- [What needs to be done]
Leave out the pictures, and copy exactly the lines from the line with "今から野外炊事です。スタッフ" through the last line of the data below.

Provided material section start

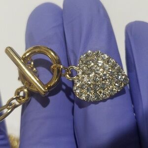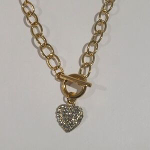This exquisite necklace features a stunning heart-shaped pendant encrusted with dazzling crystals, adding a touch of sparkle and elegance to your outfit. The pendant is suspended on a sleek 20-inch gold-tone chain, offering a timeless and sophisticated design perfect for special occasions or everyday wear. Lightweight and comfortable, this piece makes an excellent gift for loved ones or a charming addition to your jewelry collection.
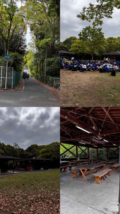 今から野外炊事です。スタッフの方が色々と説明してくださっています。ここには自然の植物や動物がいるとのことで、行動には注意しましょうとのことでした。
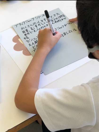 図書委員のおすすめの本やシリーズを選び、紹介ポスターを作りました。完成したら図書室前に掲示しますので、ぜひ見てくださいね。

Provided material section end

- [Exercise solution]
 今から野外炊事です。スタッフの方が色々と説明してくださっています。ここには自然の植物や動物がいるとのことで、行動には注意しましょうとのことでした。
 図書委員のおすすめの本やシリーズを選び、紹介ポスターを作りました。完成したら図書室前に掲示しますので、ぜひ見てくださいね。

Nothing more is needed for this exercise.